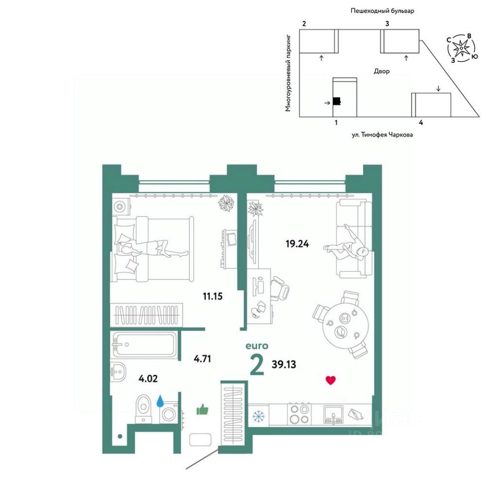 Квартира в евроформате с кухней-гостиной и второй спальней. В одной из комнат выход на лоджию с угловым панорамным остеклением. Он с окнами в пол — будет больше света. В холле ниша под шкаф и установку обувницы. В квартире предчистовая отделка: стены оштукатурены и выровнены по общему уровню, на полу слой цементно-песчаного раствора с дополнительным гидроизоляционным слоем в ванной. Проведена электрика и готовы розетки с выключателями. А ещё установлены сейф-двери и счётчики с телеметрией. Это не чистовая отделка, но во время ремонта будет меньше пыли. Вокруг много школ и детских садов, есть качественные клиники и большой парк для прогулок. Детские и спортивные площадки в закрытых дворах. Для машин продуман крытый паркинг для автомобилей. Он в 6 минутах ходьбы. Способы покупки: — ипотечные программы — обмен вашего жилья на новую квартиру — дистанционная покупка Узнать дополнительную информацию и записаться на встречу в офисе продаж можно по номеру, указанному в объявлении.
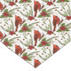 Un cardenal rojo hace festines sobre bayas de mistletoe blancas rodeadas de vegetación Navidad contra fondo blanco de nieve
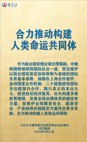 3月20日,習(xí)近平主席在《俄羅斯報(bào)》和俄新社網(wǎng)站上發(fā)表的署名文章中,回顧了構(gòu)建人類命運(yùn)共同體理念的發(fā)展歷程。
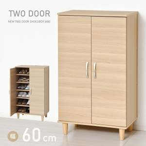 New ツードアシューズボックス 幅60cm ナチュラルの解説 靴は最大18足収納可能。移動棚で靴の高さに合わせて棚の位置を変えることができ、ショートブーツ(高さ約29cmまで)なども収納可能。脚を外...
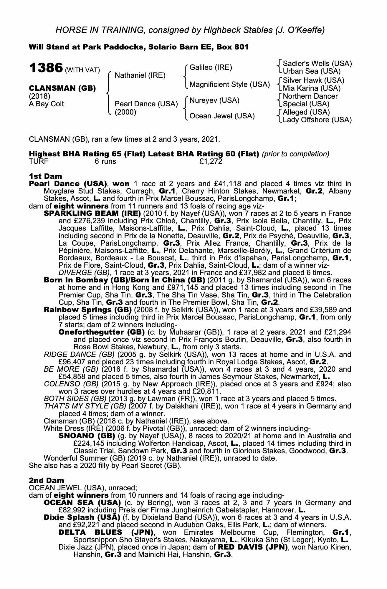Consignor: Highbeck Stables (J. O'Keeffe)
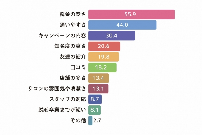 ◆脱毛サロンを選ぶ決め手は「低価格で通いやすい」
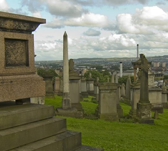 The Glasgow Necropolis land was made into a cemetery for the upper classes in the 1800s. It is adjacent to the Glasgow Cathedral and affords beautiful views of the cathedral and the city.
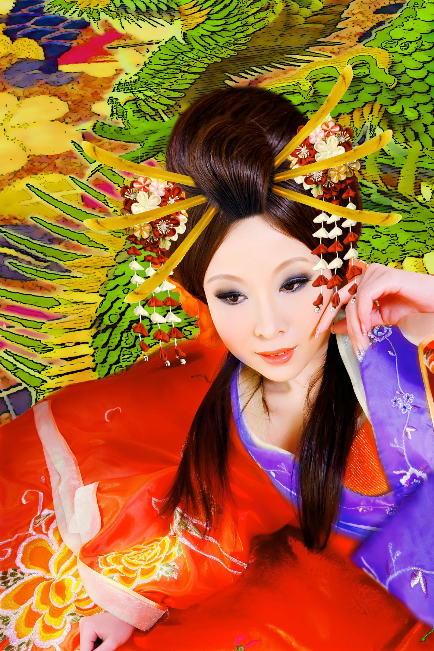 类似恶女花魁那种艺妓妆,美化身材 合成一个好看的背景
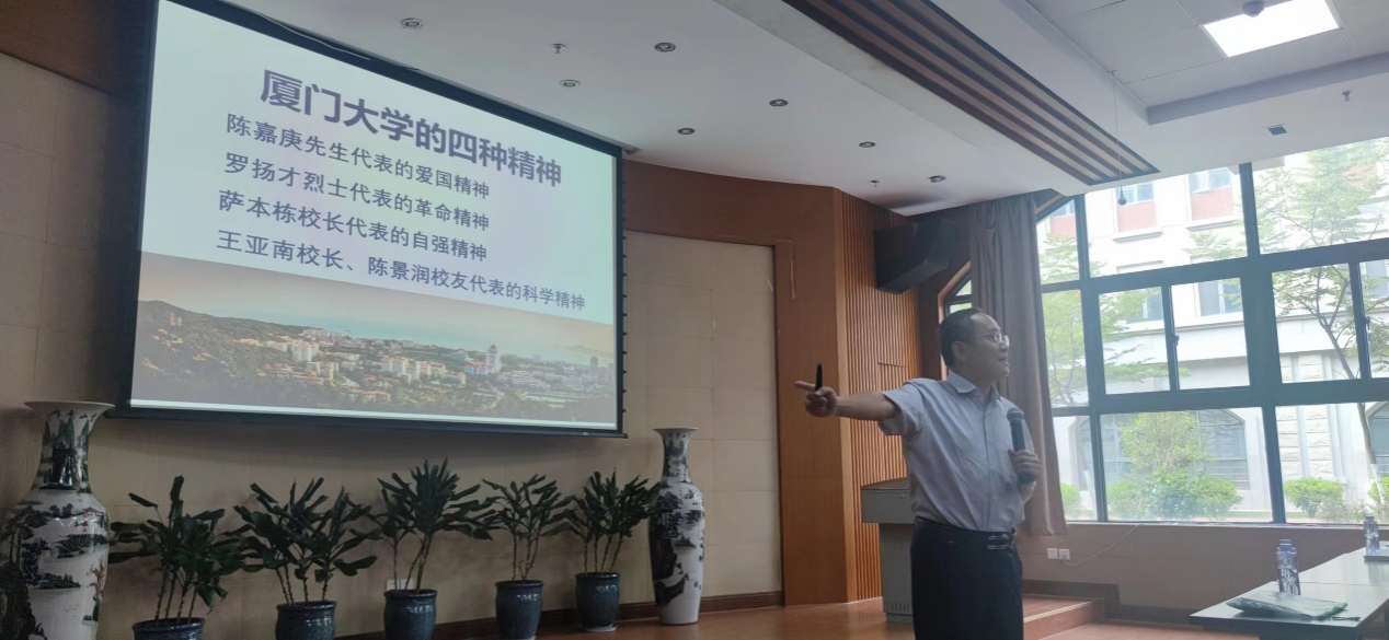 数学科学学院林亚南老师以“陈景润的传奇人生和精神魅力”为题,动情讲述这位著名校友的传奇人生,传达了厦门大学四种精神中的“科学精神”,将厦大科学精神深深烙在每位同学的心中,指引他们未来学习前进的方向。
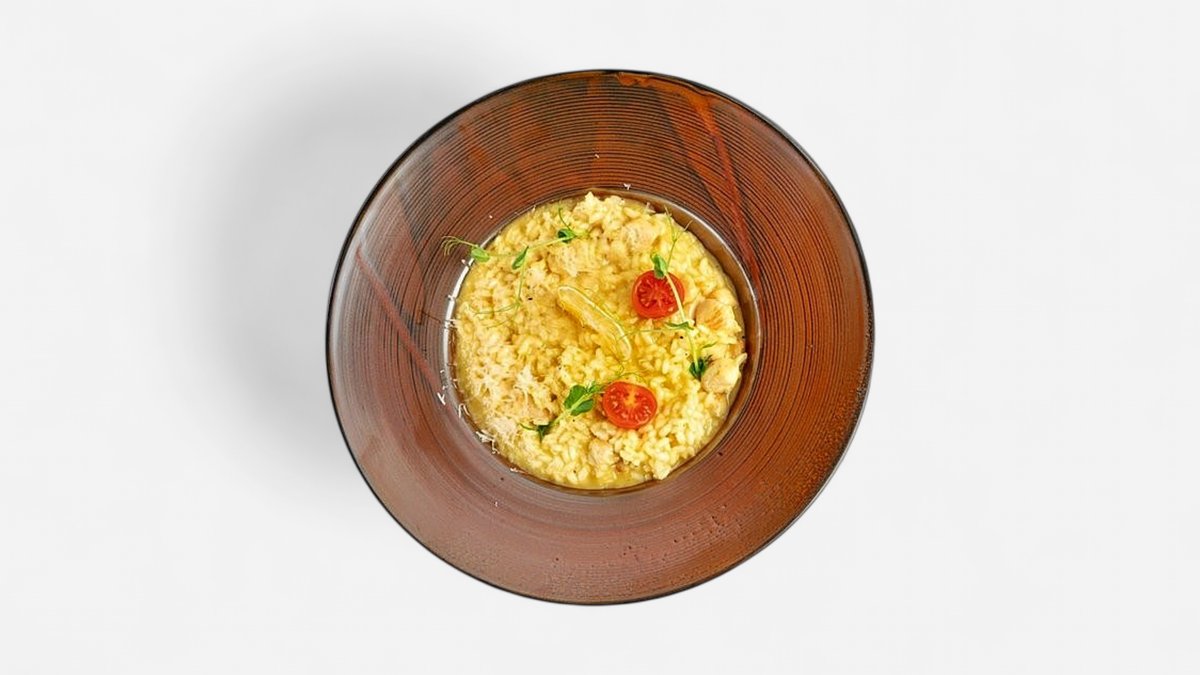 нежно ризото с пилешко, лимонов дресинг и лек аромат на шафран, 300г

#####

**EXERCISE REQUIREMENTS**.
Skip all pictures. Write out only the lines from the one containing "Consignor: Highbeck Stables (J. O'Keeffe)" to the end of the listing above, inclusive, exactly as given.

**ANSWER FOR THIS EXERCISE**.
Consignor: Highbeck Stables (J. O'Keeffe)
 ◆脱毛サロンを選ぶ決め手は「低価格で通いやすい」
 The Glasgow Necropolis land was made into a cemetery for the upper classes in the 1800s. It is adjacent to the Glasgow Cathedral and affords beautiful views of the cathedral and the city.
 类似恶女花魁那种艺妓妆,美化身材 合成一个好看的背景
 数学科学学院林亚南老师以“陈景润的传奇人生和精神魅力”为题,动情讲述这位著名校友的传奇人生,传达了厦门大学四种精神中的“科学精神”,将厦大科学精神深深烙在每位同学的心中,指引他们未来学习前进的方向。
 нежно ризото с пилешко, лимонов дресинг и лек аромат на шафран, 300г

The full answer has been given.